85- Sana ruh hakkında soru sorarlar. De ki; “Ruh Rabbimin tekelinde olan bir olgudur. Size bilginin çok az bir bölümü verilmiştir. (Tercih edilen görüşe göre bu soruyu kitap ehli sormuştu. Bu ayet ve ondan sonraki yedi ayet yine bu görüşe göre Medine’de inmişlerdi.)
Bu ayet, insan aklını çalışmaktan alıkoyan, zihni donukluğu, yürürlüğe koymuyor. Sadece akla kendi sahası içinde çalışması gerektiğini kavrayabileceği alanlara yönelmesini ifade ediyor. Zira boşu boşuna çöllerde dolaşmanın anlamı yoktur. Kavrama imkân ve araçlarına sahip olmadığı alanlara yönelip gücünü, enerjisini harcamasına gerek yoktur. Ruh da aklın sınırları dışında kalan Allah’dan başkasının kavramasına imkân olmayan, Allah’ın gayb konularından biridir. O’nun mukaddes sırlarından biridir. İnsan denen bu yaratığa ve gerçekliğini bilmediğimiz bazı yaratıklara bu mukaddes sırrını bahşetmiştir. İnsanın bilgisi Allah’ın engin bilgisine oranla çok sınırlıdır. Bu varlık dünyasının gizemleri ise, sınırlı olan insan aklı tarafından kavranacak cinsten değildir. Daha çok geniş alana yayılmaktadır. Bu evreni idare eden insan değildir. Onun güçleri ve enerjileri geniş kapsamlı değildir. Ona yeryüzünde halifelik görevini üstlenecek orada az olan ilminin sınırları içinde Allah’ın gerçekleştirilmesini istediği şeyleri gerçekleştirecek, çevresinin ve ihtiyaçlarının gerektirdiği ölçüde bir güç bağışlanmıştır.
İnsan, bu yeryüzünde pek çok şeyleri keşfetmiş ve önemli icatlarda bulunmuştur.

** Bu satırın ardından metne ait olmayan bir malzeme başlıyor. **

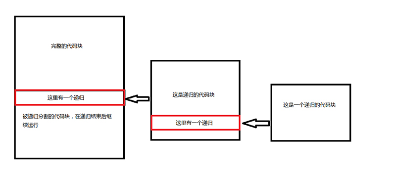 结论:使用递归时,递归会一层一层的进去,最后一个递归运行结束后,会一层一层的出来。并且出来后会继续运行被递归分割的代码。

Fakat o, gizli bir sır olan ruh karşısında hep başarısız kalmıştır. Onun ne olduğunu, nasıl geldiğini, nasıl gittiğini, nerede olduğunu ve nerede olacağını bir türlü kestirememiştir. Her şeyi bilen ve her şeyden haberi olan Allah’ın Kur’an’da bildirdikleri hariç.
Kur’an’da bildirilen bilgiler kesin bilgilerdir. Zira bunlar, bilen ve haberi olan Allah’dan gelme bilgilerdir. Eğer Allah dileseydi insanlığı bu bilgiden mahrum edebilirdi. Peygamberine vahiy ile bildirdiklerini yokedebilirdi… Fakat bunlar ancak Allah’ın rahmeti ve lütfudur.